Voor het bouwen gelden de volgende regels:

Artikel 4 Bedrijf

4.1 Bestemmingsomschrijving

De voor Bedrijf aangewezen gronden zijn bestemd voor:

  1. a. een bedrijf uit ten hoogste categorie 2 van de bij deze regels behorende Staat van bedrijfsactiviteiten;

alsmede voor:

  1. b. ter plaatse van de aanduiding 'specifieke vorm van bedrijf - goederenvervoer', een goederenwegvervoerbedrijf uit categorie 3.2 van de bij deze regels behorende Staat van bedrijfsactiviteiten;
  2. c. ter plaatse van de aanduiding 'verkooppunt motorbrandstoffen met lpg', een benzineservicestation met lpg met een doorzet van <1000 m³/jr;
  3. d. daarbij behorende voorzieningen zoals (ontsluitings)wegen, paden, parkeervoorzieningen, groenvoorzieningen, nutsvoorzieningen en water;

met dien verstande dat:

  1. e. ter plaatse van de aanduiding 'nutsvoorziening', uitsluitend bedrijfsmatige activiteiten ten behoeve van het openbaar nut mogen worden uitgeoefend;
  2. f. risicovolle inrichtingen niet zijn toegestaan, met uitzondering van de onder c genoemde inrichting;
  3. g. bedrijven die in belangrijke mate geluidhinder kunnen veroorzaken niet zijn toegestaan;
  4. h. een bedrijfswoning uitsluitend is toegestaan ter plaatse van de aanduiding 'bedrijfswoning'.

4.2 Bouwregels

Voor het bouwen gelden de volgende regels:

4.3 Specifieke gebruiksregels

Voor het gebruik gelden de volgende regels:

De voor Bedrijf aangewezen gronden mogen niet worden gebruikt voor:

  1. a. detailhandel, met uitzondering van:
    1. 1. productiegebonden detailhandel;
    2. 2. detailhandel in motorbrandstoffen en daarbij behorende ondergeschikte detailhandel ter plaatse van de aanduiding 'verkooppunt motorbrandstoffen met lpg'.
  2. b. horeca;
  3. c. kantoor, met uitzondering van kantoorruimte ten dienste van het ter plaatse aanwezige bedrijf tot een maximum van 30% van de bedrijfsvloeroppervlakte.

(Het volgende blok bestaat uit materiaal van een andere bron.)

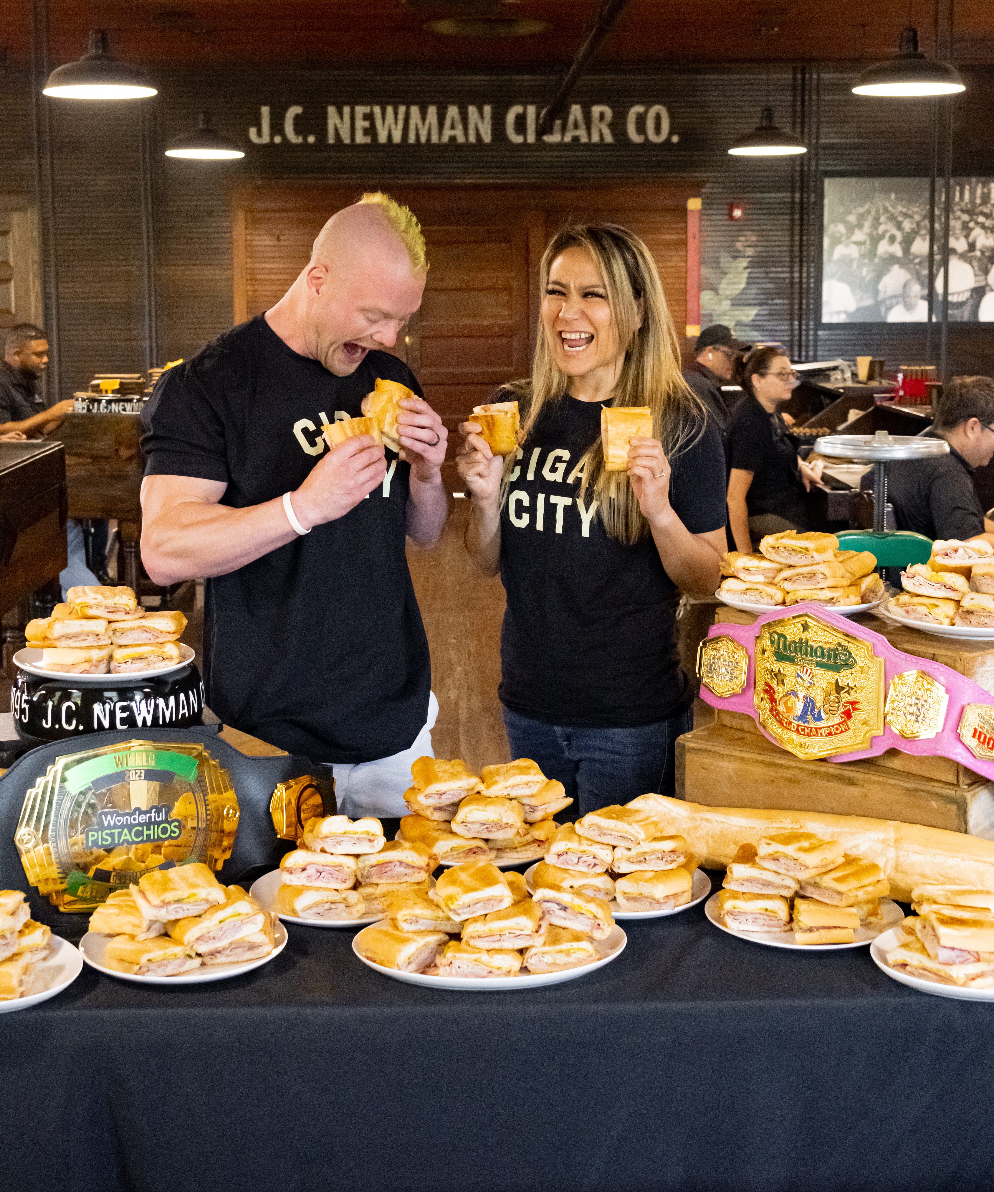 A Cuban sandwich eating competition will also go down featuring two teams led separately by iconic wife-and-husband competitive eaters Miki Sudo and Nick Wehry. Sudo is an 11-time Nathans’ Hot Dog Eating Contest Champion who ate 51 hot dogs in 10 minutes in the 2025 contest. Sudo, however, was not able to defeat hubby Wehry (who famously ate 50 hard-boiled eggs in three minutes five years ago) in J.C. Newman’s competitions in 2025 and 2024.

Artikel 5 Bedrijventerrein

5.1 Bestemmingsomschrijving

De voor Bedrijventerrein aangewezen gronden zijn bestemd voor:

  1. a. bedrijven uit ten hoogste categorie 3.1 van de bij deze regels behorende Staat van bedrijfsactiviteiten;

alsmede voor:

  1. b. ter plaatse van de aanduiding 'specifieke vorm van bedrijf - jachtwerf en kraanverhuur', een scheepsbouw- en reparatiebedrijf uit categorie 3.2 van de bij deze regels behorende Staat van bedrijfsactiviteiten en een kraanverhuurbedrijf uit categorie 3.1 van de bij deze regels behorende Staat van bedrijfsactiviteiten;
  2. c. ter plaatse van de aanduiding 'specifieke vorm van bedrijf - scheepswerf', een scheepsbouw- en reparatiebedrijf uit categorie 5.1 van de bij deze regels behorende Staat van bedrijfsactiviteiten dat tevens gerekend kan worden tot bedrijven die in belangrijke mate geluidhinder kunnen veroorzaken;
  3. d. ter plaatse van de aanduiding 'specifieke vorm van bedrijf - jachtwerf', een scheepsbouw- en reparatiebedrijf uit categorie 3.2 van de bij deze regels behorende Staat van bedrijfsactiviteiten;
  4. e. ter plaatse van de aanduiding 'horeca', een logiesvoorziening voor maximaal 5 personen;
  5. f. daarbij behorende voorzieningen zoals (ontsluitings)wegen, paden, parkeervoorzieningen, groenvoorzieningen, nutsvoorzieningen en water;

met dien verstande dat:

  1. g. ter plaatse van de aanduiding 'specifieke vorm van bedrijf - suikerwerkfabriek', uitsluitend een suikerwerkfabriek uit categorie 4.2 van de bij deze regels behorende Staat van bedrijfsactiviteiten is toegestaan, alsmede bedrijven uit ten hoogste categorie 2 van de bij deze regels behorende Staat van bedrijfsactiviteiten;
  2. h. een bedrijfswoning uitsluitend is toegestaan ter plaatse van de aanduiding 'bedrijfswoning';
  3. i. geen risicovolle inrichtingen zijn toegestaan.

5.2 Bouwregels

Voor het bouwen gelden de volgende regels:

5.3 Specifieke gebruiksregels

Voor het gebruik gelden de volgende regels:

De voor Bedrijventerrein aangewezen gronden mogen niet worden gebruikt voor:

  1. a. detailhandel, met uitzondering van productiegebonden detailhandel;
  2. b. horeca, met uitzondering van een logiesvoorziening voor maximaal 5 personen ter plaatse van de aanduiding 'horeca';
  3. c. kantoor, met uitzondering van kantoorruimte ten dienste van het ter plaatse aanwezige bedrijf tot een maximum van 30% van de bedrijfsvloeroppervlakte.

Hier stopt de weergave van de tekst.